■ Input
··········
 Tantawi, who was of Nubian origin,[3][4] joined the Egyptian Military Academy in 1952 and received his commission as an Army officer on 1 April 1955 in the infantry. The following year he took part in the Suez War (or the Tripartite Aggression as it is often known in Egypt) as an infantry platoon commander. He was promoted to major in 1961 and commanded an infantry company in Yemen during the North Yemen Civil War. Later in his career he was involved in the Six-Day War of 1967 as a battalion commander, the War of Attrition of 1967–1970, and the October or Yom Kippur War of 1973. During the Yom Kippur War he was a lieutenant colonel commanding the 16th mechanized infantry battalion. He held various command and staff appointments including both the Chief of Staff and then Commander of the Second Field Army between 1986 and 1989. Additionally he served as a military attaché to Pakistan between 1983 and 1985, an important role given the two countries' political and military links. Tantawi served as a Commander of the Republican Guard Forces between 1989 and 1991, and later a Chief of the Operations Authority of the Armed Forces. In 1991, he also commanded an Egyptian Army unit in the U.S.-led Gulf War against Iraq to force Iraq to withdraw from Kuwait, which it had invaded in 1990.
··········
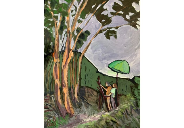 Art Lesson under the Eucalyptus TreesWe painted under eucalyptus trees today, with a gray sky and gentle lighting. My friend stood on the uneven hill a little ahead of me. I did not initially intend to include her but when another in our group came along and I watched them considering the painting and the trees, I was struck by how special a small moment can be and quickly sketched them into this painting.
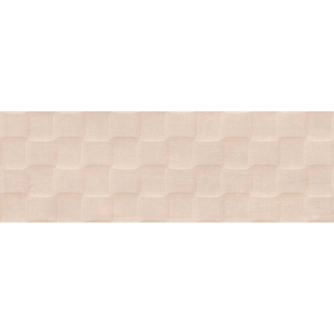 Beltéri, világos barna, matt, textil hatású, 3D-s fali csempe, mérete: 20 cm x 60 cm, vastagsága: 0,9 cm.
··········
■ Task instructions
Every line above in the stretch from the one with "Art Lesson under" through the one with "Beltéri, világos barna, matt, textil" is to be transcribed exactly, ends included. No picture is copied.

■ Result for this exercise
 Art Lesson under the Eucalyptus TreesWe painted under eucalyptus trees today, with a gray sky and gentle lighting. My friend stood on the uneven hill a little ahead of me. I did not initially intend to include her but when another in our group came along and I watched them considering the painting and the trees, I was struck by how special a small moment can be and quickly sketched them into this painting.
 Beltéri, világos barna, matt, textil hatású, 3D-s fali csempe, mérete: 20 cm x 60 cm, vastagsága: 0,9 cm.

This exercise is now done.